**DATA LISTING:**
═══

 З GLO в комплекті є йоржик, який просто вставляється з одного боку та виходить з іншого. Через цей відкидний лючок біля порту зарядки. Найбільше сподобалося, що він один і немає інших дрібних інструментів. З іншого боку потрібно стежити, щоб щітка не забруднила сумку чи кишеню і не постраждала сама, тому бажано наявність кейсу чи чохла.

═══

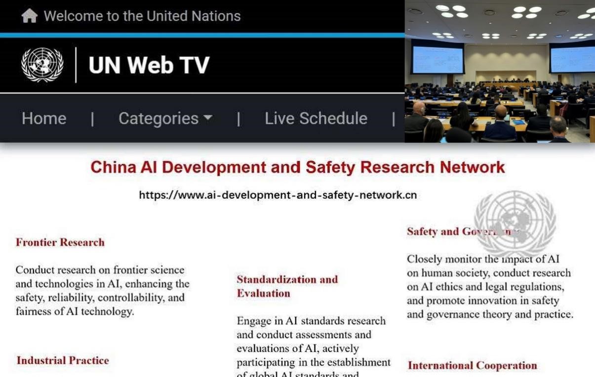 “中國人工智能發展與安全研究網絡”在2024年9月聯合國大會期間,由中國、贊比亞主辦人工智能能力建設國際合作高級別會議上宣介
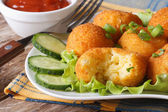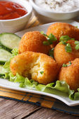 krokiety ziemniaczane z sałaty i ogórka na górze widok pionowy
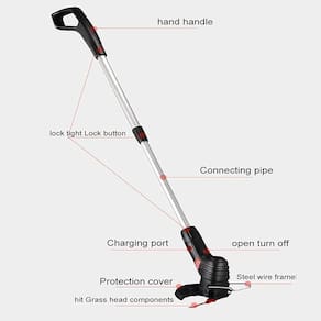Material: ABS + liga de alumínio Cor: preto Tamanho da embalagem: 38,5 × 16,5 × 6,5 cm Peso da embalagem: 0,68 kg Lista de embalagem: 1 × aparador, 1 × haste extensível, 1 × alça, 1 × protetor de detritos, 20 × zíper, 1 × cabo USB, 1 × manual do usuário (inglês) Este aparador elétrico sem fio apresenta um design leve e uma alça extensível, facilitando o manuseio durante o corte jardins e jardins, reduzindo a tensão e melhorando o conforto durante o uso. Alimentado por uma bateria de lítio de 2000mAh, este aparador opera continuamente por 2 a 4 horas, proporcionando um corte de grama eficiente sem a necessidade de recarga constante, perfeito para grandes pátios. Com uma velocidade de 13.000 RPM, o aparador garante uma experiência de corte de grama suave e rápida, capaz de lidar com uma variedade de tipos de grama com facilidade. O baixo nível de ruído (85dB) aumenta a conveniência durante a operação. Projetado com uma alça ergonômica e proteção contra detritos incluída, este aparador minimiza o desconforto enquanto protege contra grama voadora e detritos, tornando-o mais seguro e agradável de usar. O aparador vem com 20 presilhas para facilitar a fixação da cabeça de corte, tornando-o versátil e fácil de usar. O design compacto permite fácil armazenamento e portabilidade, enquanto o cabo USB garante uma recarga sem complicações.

═══

**TASK:** Go down the entries above from the line containing "krokiety ziemniaczane z" to the line containing "Material: ABS +" and write out each line exactly, leaving pictures out.

**RESPONSE BELOW:**
 krokiety ziemniaczane z sałaty i ogórka na górze widok pionowy
Material: ABS + liga de alumínio Cor: preto Tamanho da embalagem: 38,5 × 16,5 × 6,5 cm Peso da embalagem: 0,68 kg Lista de embalagem: 1 × aparador, 1 × haste extensível, 1 × alça, 1 × protetor de detritos, 20 × zíper, 1 × cabo USB, 1 × manual do usuário (inglês) Este aparador elétrico sem fio apresenta um design leve e uma alça extensível, facilitando o manuseio durante o corte jardins e jardins, reduzindo a tensão e melhorando o conforto durante o uso. Alimentado por uma bateria de lítio de 2000mAh, este aparador opera continuamente por 2 a 4 horas, proporcionando um corte de grama eficiente sem a necessidade de recarga constante, perfeito para grandes pátios. Com uma velocidade de 13.000 RPM, o aparador garante uma experiência de corte de grama suave e rápida, capaz de lidar com uma variedade de tipos de grama com facilidade. O baixo nível de ruído (85dB) aumenta a conveniência durante a operação. Projetado com uma alça ergonômica e proteção contra detritos incluída, este aparador minimiza o desconforto enquanto protege contra grama voadora e detritos, tornando-o mais seguro e agradável de usar. O aparador vem com 20 presilhas para facilitar a fixação da cabeça de corte, tornando-o versátil e fácil de usar. O design compacto permite fácil armazenamento e portabilidade, enquanto o cabo USB garante uma recarga sem complicações.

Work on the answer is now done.